Patient education systems and real-time locating systems (RTLSs) also can increase caregiver efficiency. RTLS technology, which generally uses radio-frequency identification tags to track people or equipment in a facility, takes time and thought to implement into hospital processes, Hood says, but can make it easy to find equipment, which he notes nurses "are constantly chasing down," or automatically do things like cancel a call when a nurse walks into a patient room. Here, too, custom solutions are available, such as programming an RTLS to prevent dementia patients from accessing an unlocked stairwell by securing doors upon approach.

Simulation software is a tool used to create a digital model of a facility design and evaluate how the design affects workflow. "It links the structure of the facility with patient care delivery processes," says Allyson Robbins, co-founding partner, Analytical Decision Services LLC, Aurora, Colo. Organizations that want to experiment with alternative ways to deliver care can run "what if" scenarios in the model, explains company co-founder Michelle Boyd.
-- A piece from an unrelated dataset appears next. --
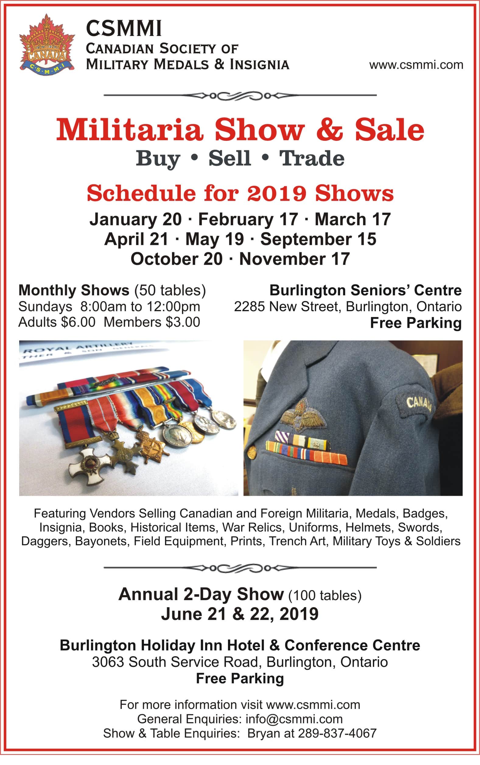 The CSMMI Militaria Show & Sale currently has no upcoming dates scheduled in Burlington, ON. This Burlington gun show is held at Burlington Seniors Centre and hosted by Canadian Society of Military Medals & Insignia. All federal and local firearm laws and ordinances must be obeyed.
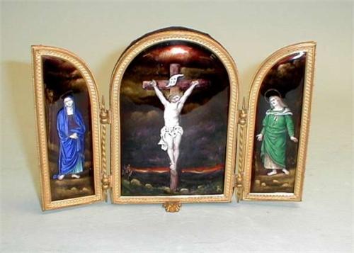 A fine antique French Limoges enamel triptych plaque. The gilt bronze framed and black velvet covered plaques handpainted and enamelled with religious figural subjects. 6" high. 3200-3500

The Mental Health Center of Denver is using this software to plan how its facility can meet an anticipated surge in patient demand following implementation of the Affordable Care Act.

"Simulation gives you the opportunity to quantify the effects of change," says Steve Clayman, AIA, ACHA, vice president of Lavallee Brensinger Architects and founder, Optimal-Use, both of Manchester, N.H. "This tool provides evidence for designers' ideas."

Technology need not be complex to be effective. Auburn (Ala.) University Medical Clinic (AUMC) uses a patient paging system manufactured by Long Range Systems, Addison, Texas, to optimize patient flow. At check-in, patients receive a paging device by which they are notified — quickly, quietly and confidentially — when an exam room is ready. "It's very simple and very effective," says Maegan Hamner, marketing coordinator, AUMC.